DSM-5 highlights that the rate of self-injury in people who suffer from eating disorders ranges from 26% to 55% amongst those diagnosed with Bulimia Nervosa and 27% to 61% amongst those diagnosed with Anorexia Nervosa. Additionally, suicide risk is also perceived to be higher in people with the eating disorder. As many as 12 suicides per 100,000 per year are due to an eating disorder.
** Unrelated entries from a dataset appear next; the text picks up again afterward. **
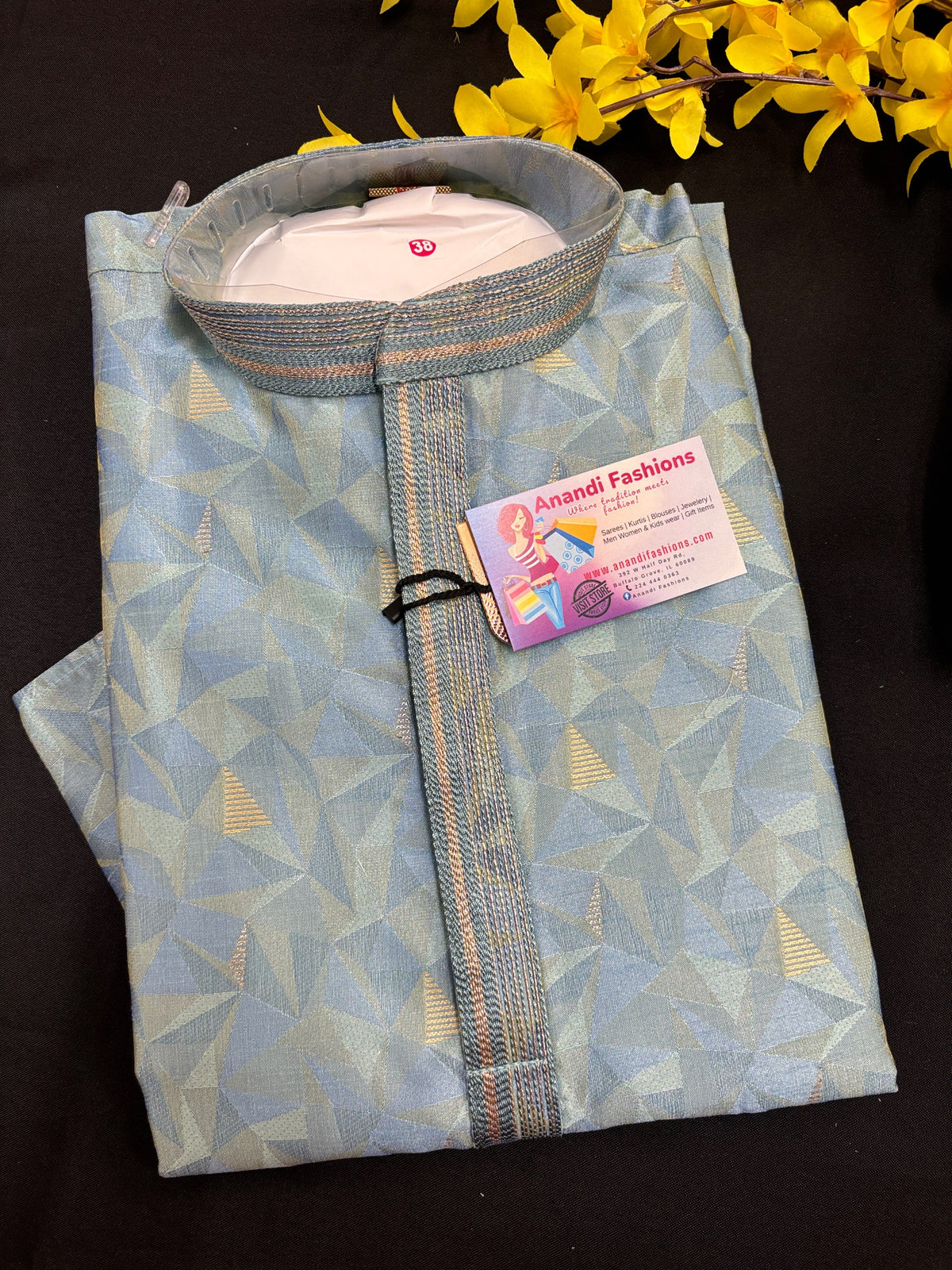Upgrade your traditional wardrobe with our fancy blue color men’s silk kurta pajama set. Made from high-quality silk fabric, this kurta features intricate embroidery and a stylish mandarin collar, giving it a sophisticated and elegant look. Available in sizes 36, 38, 40, and 42, this kurta pajama set is perfect for any special occasion or festive celebration. The comfortable and breathable fabric ensures you stay cool and stylish all day long, while the vibrant blue color adds a pop of color to your ensemble. Pair it with traditional footwear and accessories for a complete and dashing look.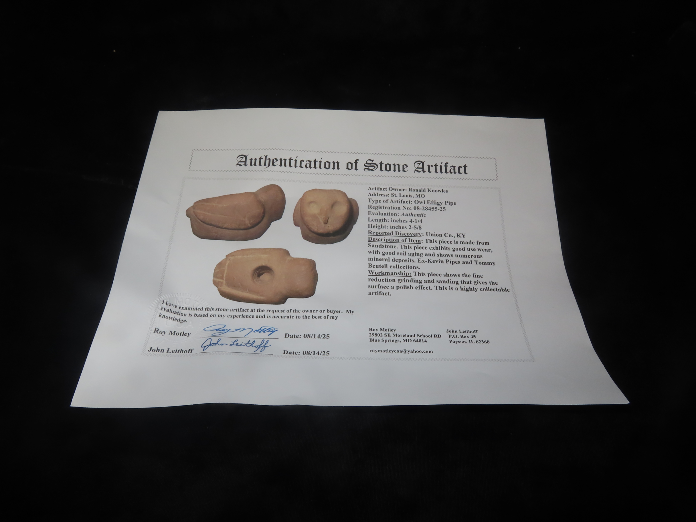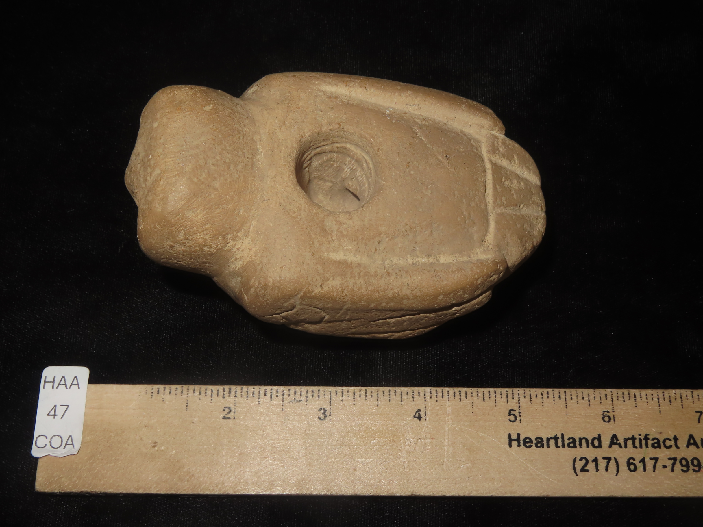 4 1/4″ Owl Effigy Pipe, Motley COA, Union County Kentucky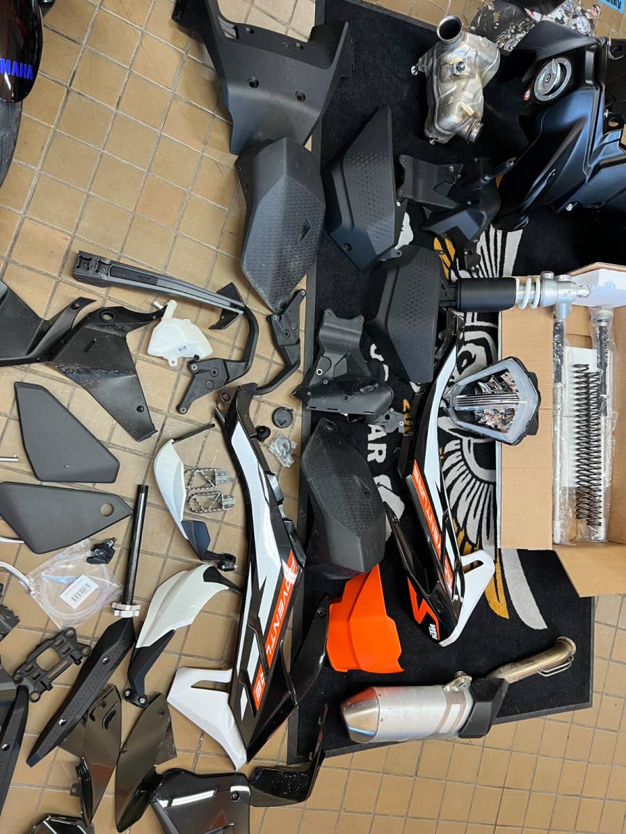 Vše sundáno z nové motorky, po přestavbě od Rade Garage, takže nové!
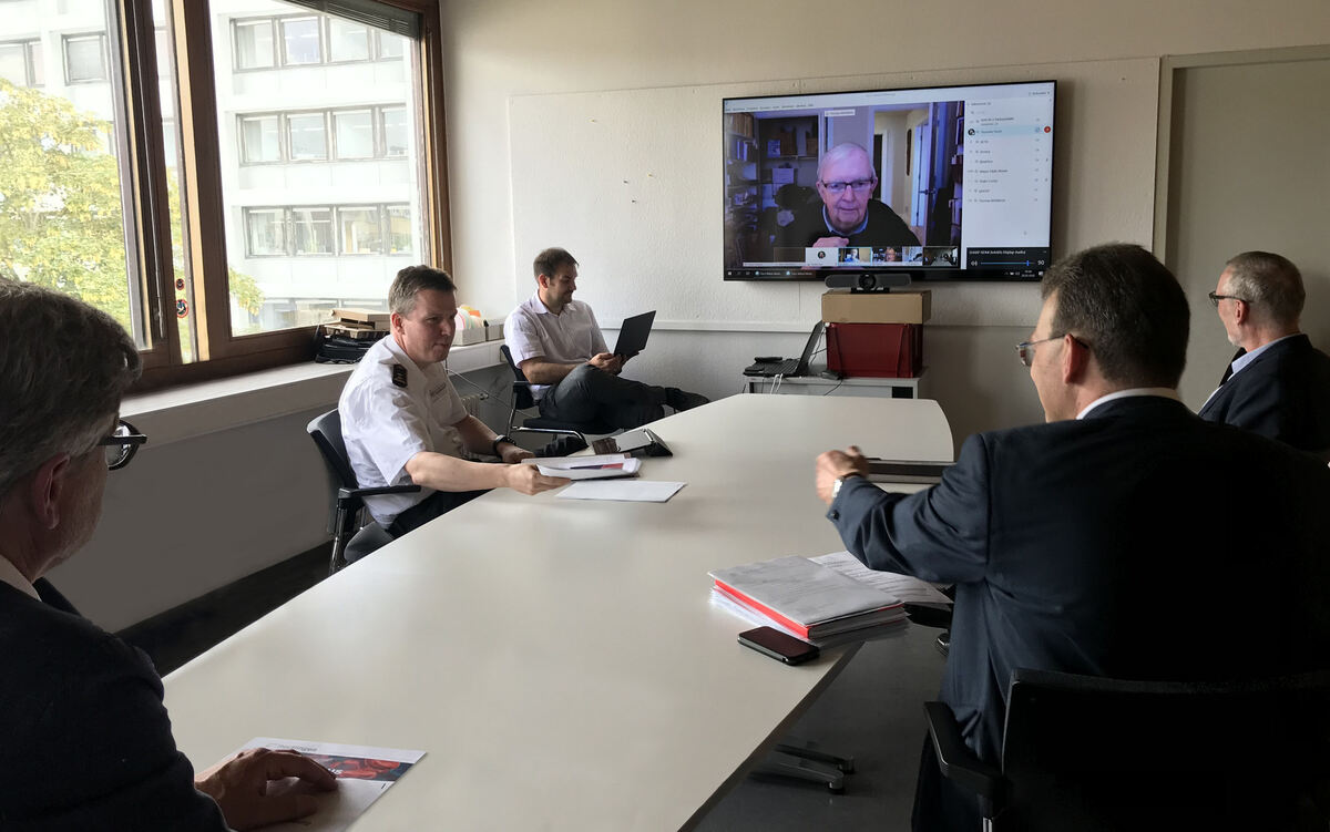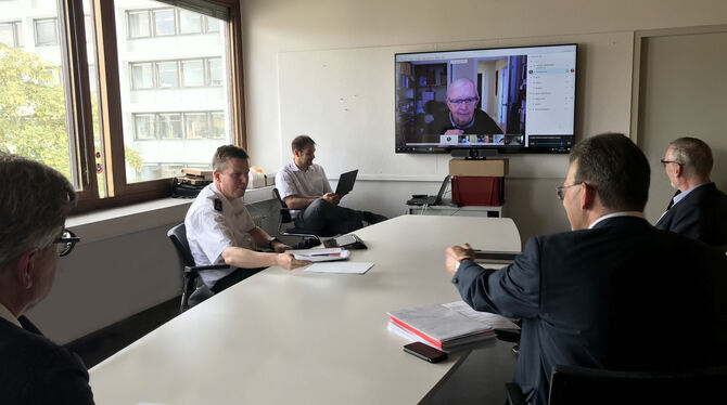 11:42 Uhr Da direkte Begegnungen zwischen den Partnerstädten derzeit nicht möglich sind, haben sich Bürgermeister Alexander Kreher und Bürgermeister Eddie Moran aus Reutlingens amerikanischer Partnerstadt Reading per Videokonferenz ausgetauscht. Auf beiden Seiten nahmen auch Vertreter der Gesundheitsämter, der Feuerwehr und der Ordnungsämter am virtuellen Austausch teil. Das Gespräch wurde live im amerikanischen Sender BCTV übertragen.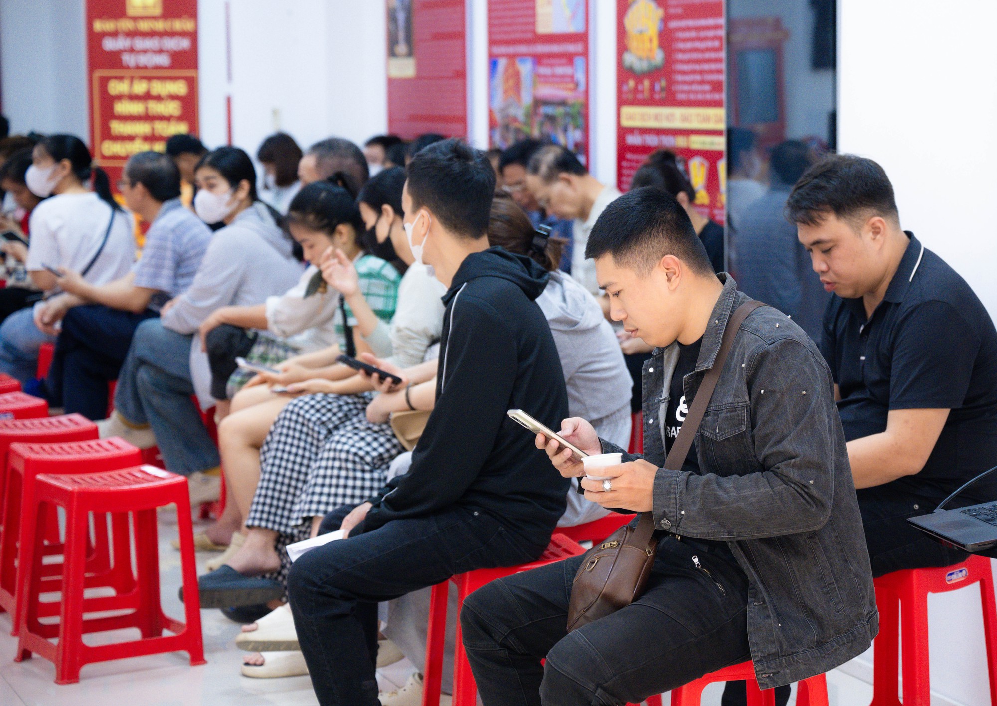 Người dân ngồi kín hai hàng ghế chờ đợi đến lượt giao dịch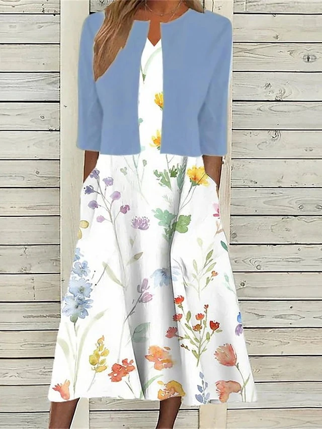 Women’s Two Piece Dress Set Casual Dress Print Dress Daily Vacation Fashion Modern Pocket Print Midi Dress Crew Neck Half Sleeve Floral Regular Fit White Summer Spring S M L XL XXL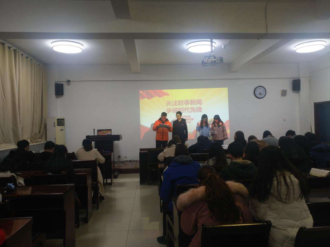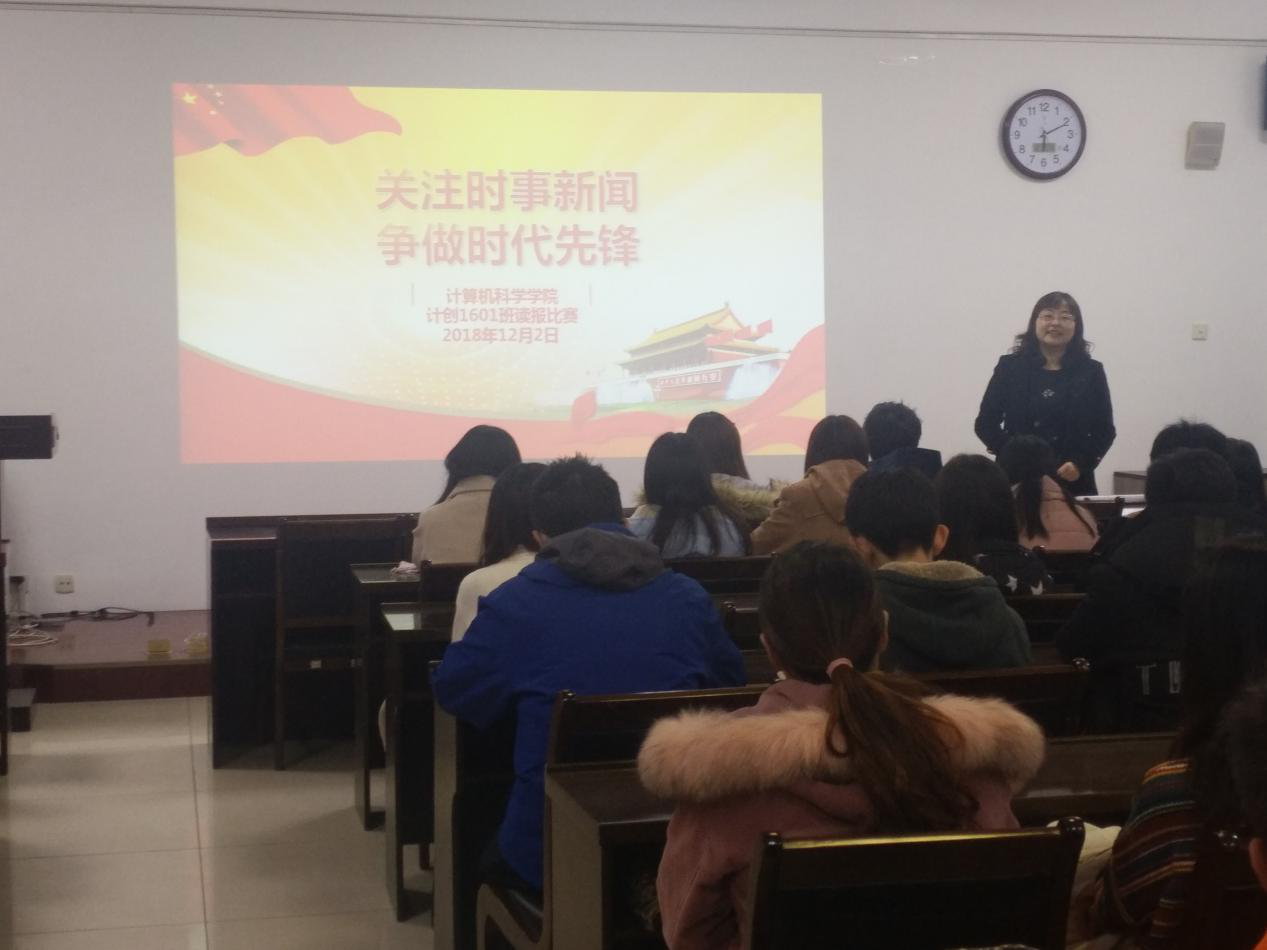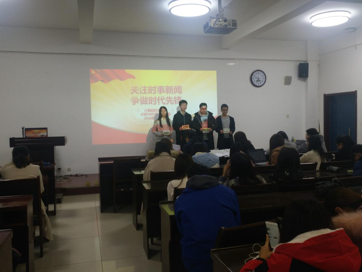 12月2日晚,必赢官网2016级计创班组织的团日活动“关注时事新闻,争做时代先锋”在长安校区文津楼学院报告厅成功举办。辅导员郭康凌主持了此活动,2016级计创班全体学生参加了该活动。

Factors which pay a role in the onset of an eating disorder

We all remember the characters that we grow up with, the slim-waisted, tall and flawless ‘Barbie’ who embraced various cultures through her fashion but always remained the same body type. The lean and muscular He-man, Batman and Superman who set the ideals for a man’s physique. Most children who grow up idolising such characters develop an affinity towards unrealistic beauty standards. To make it worse, our day to day lives are filled with body stereotyping and negative comments about body types, skin-tones, weight gain and even weight loss. Such body-shaming contributes to self-image issues, binge eating, purging and extreme weight control behaviours, which can cause serious damage to both the mind and the body.

Eating Disorder

People with eating disorders lend excessive focus on food and their body weight. The un-required attention on body-image, the labels associated with our body types, the diet rules and the resulting compensating behaviours restrict many from recognising their emotions and maintaining a healthy mind.

Other factors include having a profession which demands a lean body type with excessive emphasis on an ‘appropriate body figure’. Eating disorder could also be a result of a genetic connotation. Studies indicate that certain individuals with eating disorders have also reported a chemical imbalance in the brain that affects the controlling of hunger, appetite and digestion. See Source

How does treatment work for an eating disorder?

Although weight and diet-related issues are a common topic of discussion, we spare little thought to its impact on mental health. People suffering from eating disorders tend to avoid discussing their condition and therefore, restrict treatment. If you identify unhealthy eating patterns in yourself or your loved ones, here is what you could do:

  • Visit a mental health professional for support.
  • Talk to a nutritionist and discuss a balanced diet plan that fits you.
  • A proper body check-up must be done to determine which essential nutrients deficits are lacking in an individual.
  • Often group therapy is perceived to be very helpful in this as it provides a safe space to talk about the fears and experiences with an eating disorder.
  • A detailed assessment of the individuals with anorexia nervosa, which includes a test of suicide-related ideation and behaviours as well as other risk factors for suicide. See Source

Although, there is no exact prevention for eating disorders, cultivating a healthy lifestyle, reinforcing a balanced diet and regular exercising can have a positive impact on your body and help maintain mental well-being.